I spent the winter of 1974 in a small, unheated cabin near Hickory, NC. To get to the cabin, I would take one of the east-west roads in Hickory, like 1st or 2nd Avenue, and drive to US 321 and then head north. Not far up 321 there was a dirt road on the right and I'd turn into that. (No doubt the road is paved now.) I'd enter a forest (now a subdivision) and drive until I came to a small cabin. It was a summer cottage and therefore it was unheated. At night (winter, remember), the room would get cold enough to freeze water left in a glass. I slept on a sofa under an electric blanket on the highest heat setting, with several "regular" blankets on top of the electric blanket. There was a sheet metal shower stall in the bathroom, but in the morning the water faucets could not be turned because they were frozen.
I had no TV but I had a radio. At night I listened to the Larry Glick radio show that was broadcast on clear-channel WBZ 1030 in Boston. That show was a hoot. Glick would call people on his studio phone and talk to them, not telling them their conversation was being transmitted over the air as they spoke. One night he called an airplane pilot who had recently been in the news for being involved in some kind of aircraft mishap. Larry got the pilot to talk about the accident in a fair amount of detail. At the end of the conversation, the pilot asked Larry to not reveal to anyone what he had said. Larry agreed not to tell anyone about their conversation. But, of course, the entire conversation had gone out over WBZ's powerful clear-channel radio waves that probably reached all the way to Mexico.
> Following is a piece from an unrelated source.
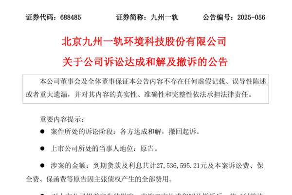 北京九州一轨环境科技股份有限公司(简称:九州一轨)公告称,公司于近日收到北京市房山区人民法院出具的《北京市房山区人民法院民事裁定书》【案号:(2025)京0111民初27540号】,基于长期友好合作基础,公司与中铁三局集团有限公司就前述案件达成和解,签署《付款协议》,法院准予撤诉。 涉案的金额:到期货款及利息共计27,536,595...

A popular movie at the time was American Graffiti. The film was set in 1962, on the last day of summer vacation for friends Curt (Richard Dreyfuss), Steve (Ronny Howard), Terry (Charles Martin Smith) and John (Paul Le Mat). They cruised the streets of a small California town, while a mysterious disc jockey (Wolfman Jack) spun classic rock'n'roll tunes that were broadcast over 150,000 watt radio station XERB. That station today is called XEPRS-AM. (For radio aficionados, XEPRS is a Class A, 50,000-watt clear-channel station using a non-directional antenna in the daytime and a three-tower array directional antenna at night. It is licensed to Playas de Rosarito, a suburb of Tijuana in Baja California, Mexico. You can listen here.)
The year 1974 was also the year that a friend and I bought a Chevy camper van and traveled all over America with our three dogs and often with one or more hitchhikers. Fun times!